Stratford Tony is a small village 4 ½ miles from Salisbury. The river Ebble flows through it, and the line of the ancient Roman road known as ‘Icknield Street’ passes close on the west side of the village. The most notable occupant of Stratford Tony was the impressionist painter Wilfrid de Glehn, who lived at the Manor House from 1942 until his death in 1951. The population now only amounts to around 50 people.

Last year Wiltshire Buildings Record was asked to investigate the old rectory, now a private house. The house presented a decorous early Georgian front with views across the lawns to the river below. As ever, we looked beyond the polite elevation to the hidden corners and roof spaces to reveal a very different story. Remains of a c1500 timber-frame were found embedded in replacement stone walls and in the roof which suggested that this was a much more humble farmhouse. Grabbed by the intrigue glands, our researcher Louise did what she does best, which is to squirrel out those hidden facts embedded in layers of old parchment.
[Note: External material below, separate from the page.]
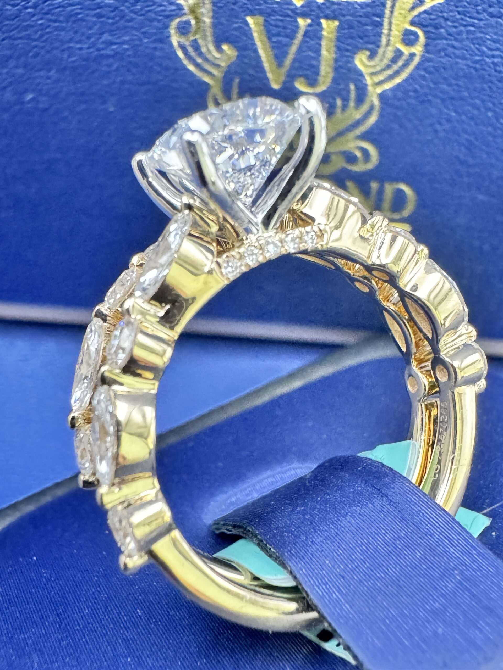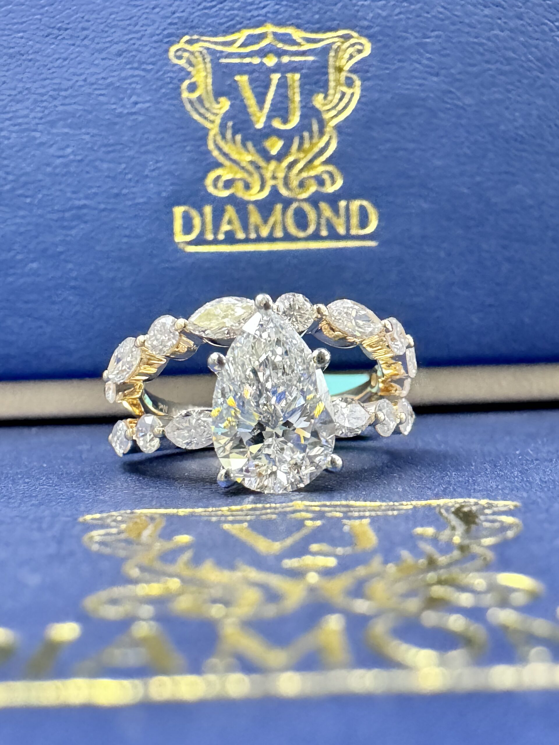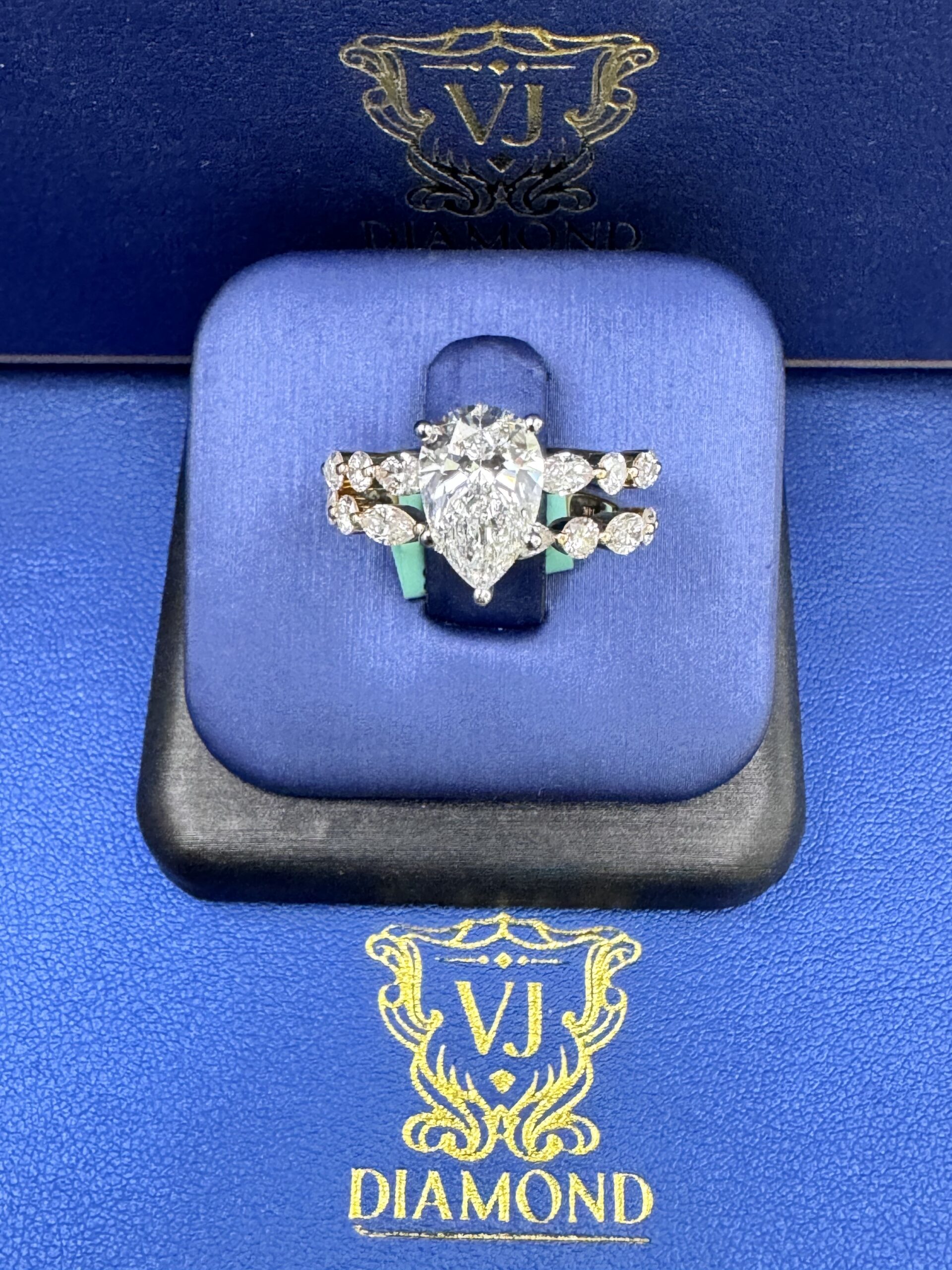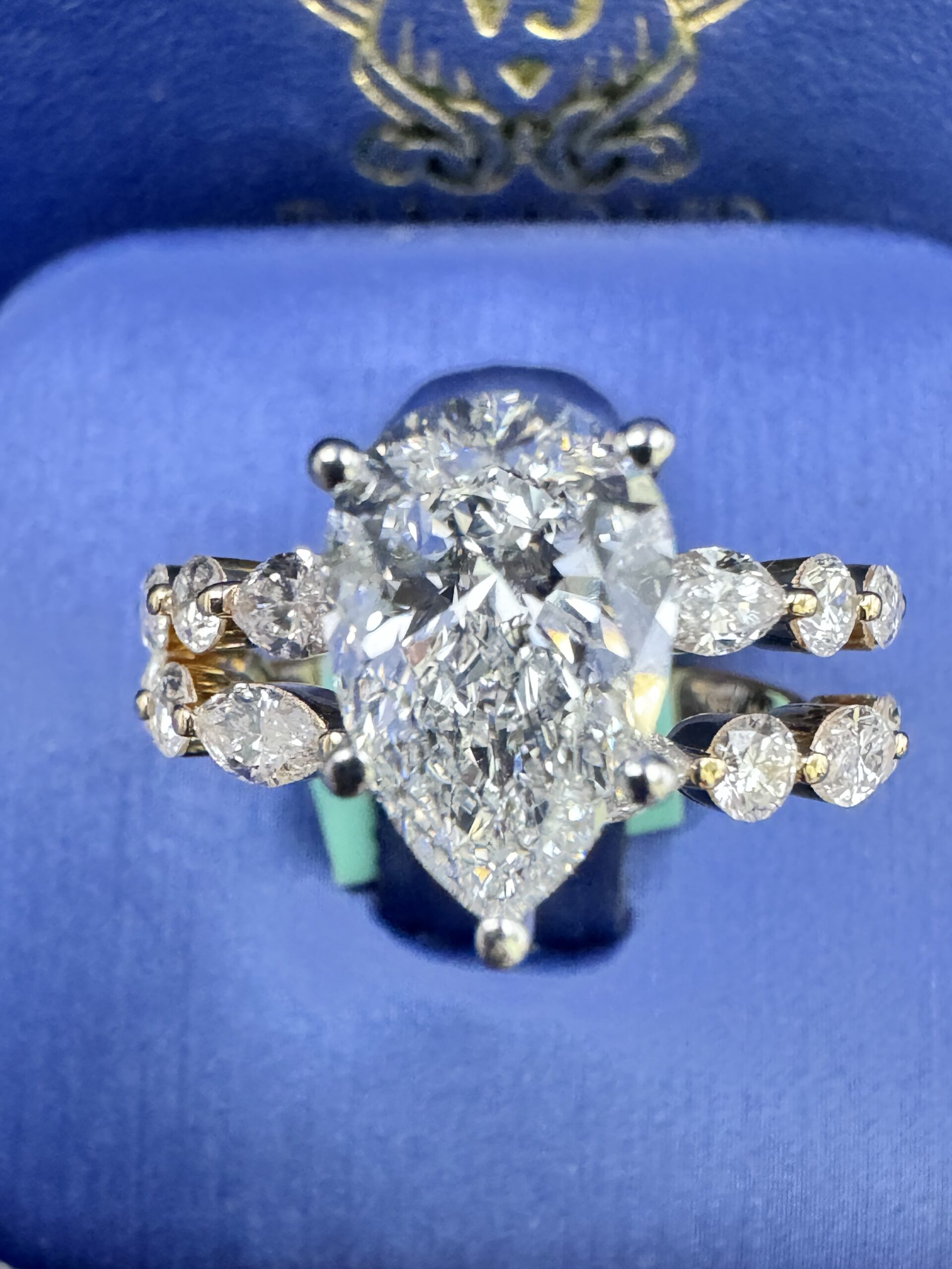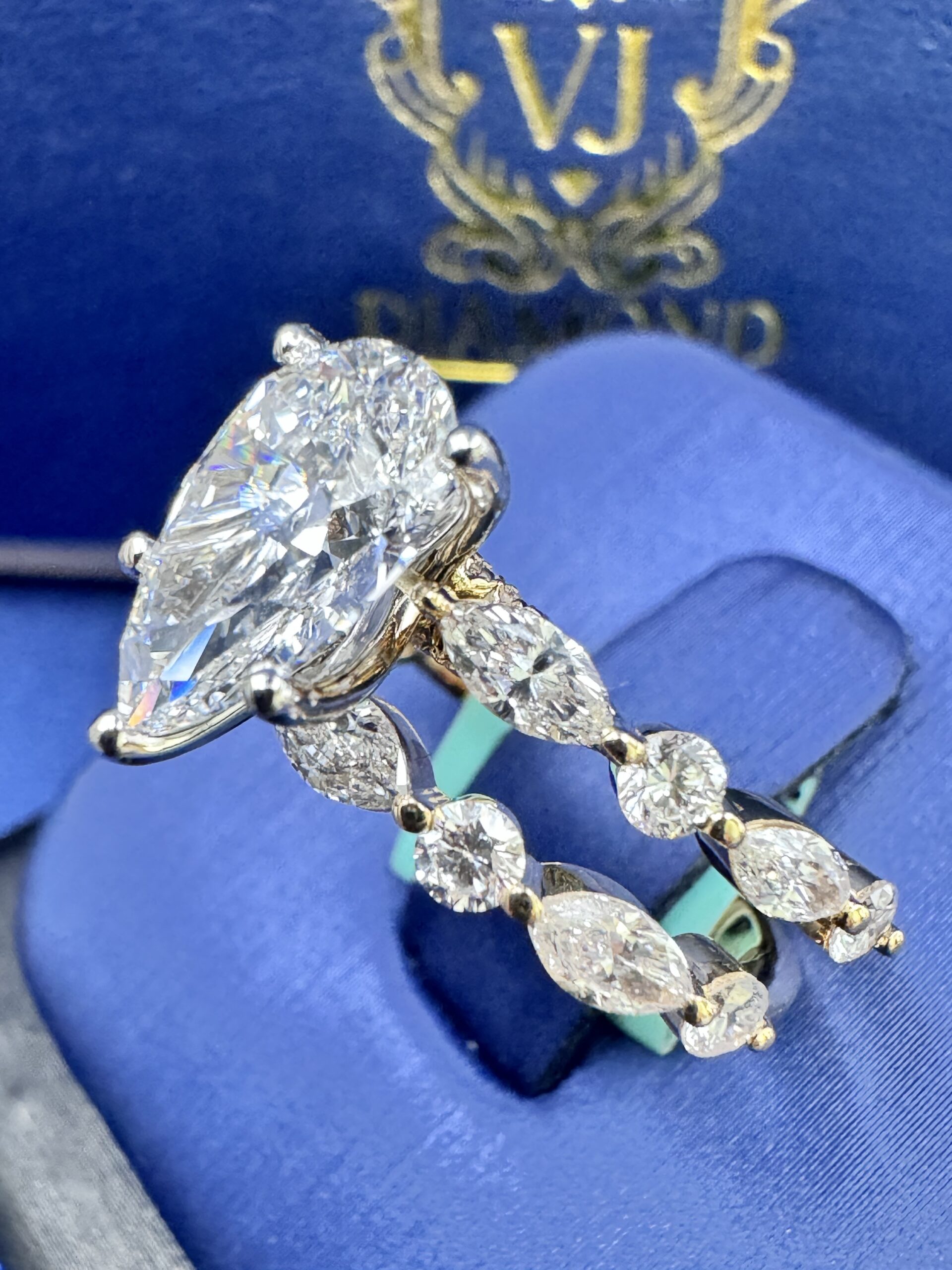 14KT Gold 3.66CT LabGrown PearCut Bridal Ring Custom Made Center Solitaire 2.06CT VVs Clarity F Color Size 7 Pear N RoundCut Round ProngSet Diamonds Wedding Band Certified F Color Sizing Available Approx Gold Weight 6.7 Gram

It turns out that it was quite possibly a grange farm for the Abbey of Lyra in Normandy (nothing to do with His Dark Materials or the constellation of stars!) and then the Priory of Sheen in Richmond, London.

Its transformation to posh rectory happened in the later 16th century when Lawrence Hyde acquired the advowson (the right to recommend a clergyman to a ‘living’ in the parish) from the Crown in 1560. Lawrence Hyde was part of the influential Hyde family of Wiltshire, he had benefitted greatly from the acquisition of land and property following the Dissolution of the Monasteries. He held a lease from William Earl of Pembroke, of Wardour Castle and Park around the time he was granted the advowson at Stratford Tony. Members of the Hyde family held it for over 126 years up to 1686, when it then transferred to Edward Fawconer of Sarum.

By 1671 the glebe terrier noted a substantial rectory house comprising …A mansion house, a brew house, a wood house, a barn, a stable, a fodder house besides some skillings (cowsheds), an orchard, 2 gardens…. Lawrence and his son Robert Hyde installed three members of their own family as clerks at Stratford Tony. It is very likely, the patronage of the Hyde family resulted in substantial investment in the parsonage house, including the addition of a smart Georgian wing. This was extended further in 1791 by Reverend Stockwell, the rector at that time, who commemorated it with a datestone.

The rectory fell out of use in 1923 when the benefice was merged with that of Bishopstone and became a private house. The first lay owner, a major Collison implemented a transformation which was very typical for its time. Distinct fashions occurred at different periods, and for the humble farmhouse a ‘gentrification’ was inevitably made in the later 18th century/early 19th century period followed in the second half of the 19th century and earlier 20th century by a ‘rustication’, part of the Arts and Crafts movement, which undid all the first effort and put back a pre-Georgian type of interior. This trend was replicated in middle-class homes everywhere in Wiltshire and Wiltshire Buildings Record has seen and recorded many such schemes, some overseen by architects such as at Jesses, Dinton where the architect was known to be Biddulph-Pinchard, and some by local builders, very likely implementing the ideas of the owners themselves, and no doubt accommodating finds from reclamation yards and demolished houses. The old rectory at Stratford Tony was no exception, and any elegant fireplaces, plasterwork and dado rails were done away with in favour of dark 17th century panelling and a reproduction fireplace.

Thus it is that most houses are a very pleasing and individual mix of styles reflecting their owners fashion and fortunes. Of course we can only speculate from known examples what some houses looked like in the past, as one scheme may obliterate partly or wholly the previous scheme in a phenomenon noted by Pam Slocombe as ‘alternate rebuilding’.